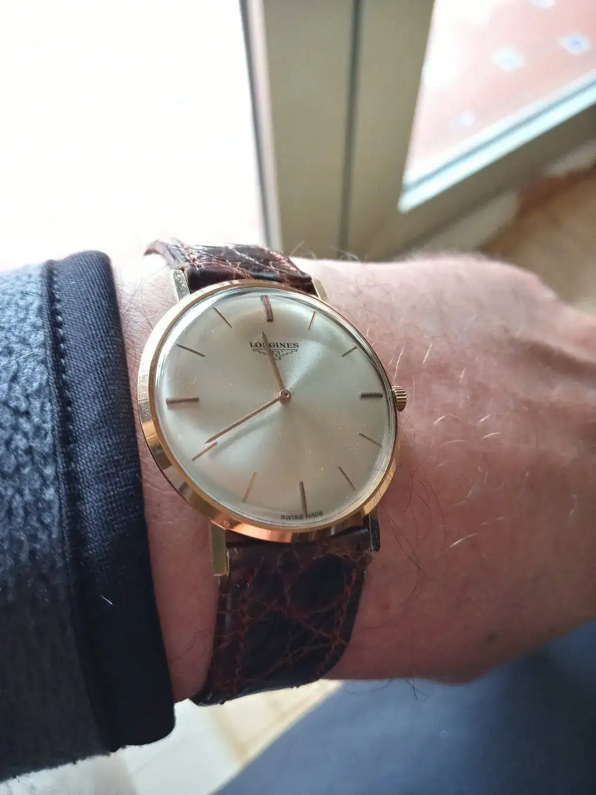 Yo conservo impoluto el reloj q me regaló mi tio para la primera comunión (1967). Resulta q mi madre con buen criterio pensó que era un reloj demasiado elegante y delicado para un niño de 8 años y lo guardó sin que lo usara nadie. Un buen día en 1996 aprox se acordó de él y me lo entregó para mi sorpresa y disfrute. Sale en ocasiones especiales. 35mm. Un saludo y q monos eramos todos en la tierna infancia.
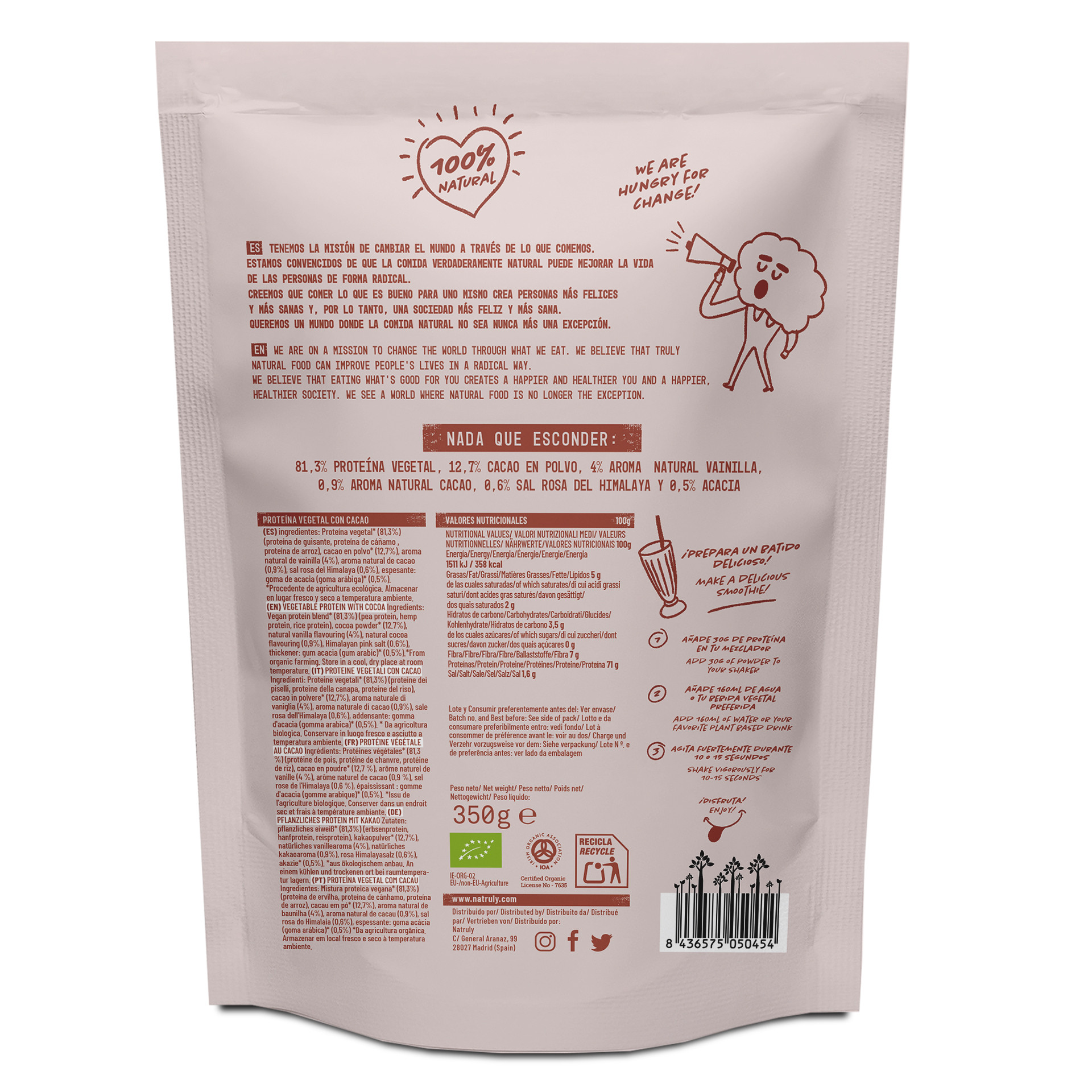 Ingredienti: *proteine vegetali 81,3% (proteine di pisello, proteine di riso, proteine di canapa), *cacao in polvere 12,7%, aroma naturale di vaniglia 4%, aroma naturale di cacao 0,87%, sale rosa dell’Himalaya 0,6%, *gomma di acacia 0,5%. *biologico.
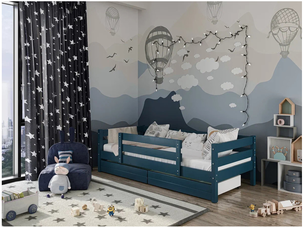 - Кровать Глория с бортиком и ящиками Сапфировый
********
Task to complete |
Without copying any picture, write out all of the material exactly as it reads.

Result |
 Yo conservo impoluto el reloj q me regaló mi tio para la primera comunión (1967). Resulta q mi madre con buen criterio pensó que era un reloj demasiado elegante y delicado para un niño de 8 años y lo guardó sin que lo usara nadie. Un buen día en 1996 aprox se acordó de él y me lo entregó para mi sorpresa y disfrute. Sale en ocasiones especiales. 35mm. Un saludo y q monos eramos todos en la tierna infancia.
 Ingredienti: *proteine vegetali 81,3% (proteine di pisello, proteine di riso, proteine di canapa), *cacao in polvere 12,7%, aroma naturale di vaniglia 4%, aroma naturale di cacao 0,87%, sale rosa dell’Himalaya 0,6%, *gomma di acacia 0,5%. *biologico.
 - Кровать Глория с бортиком и ящиками Сапфировый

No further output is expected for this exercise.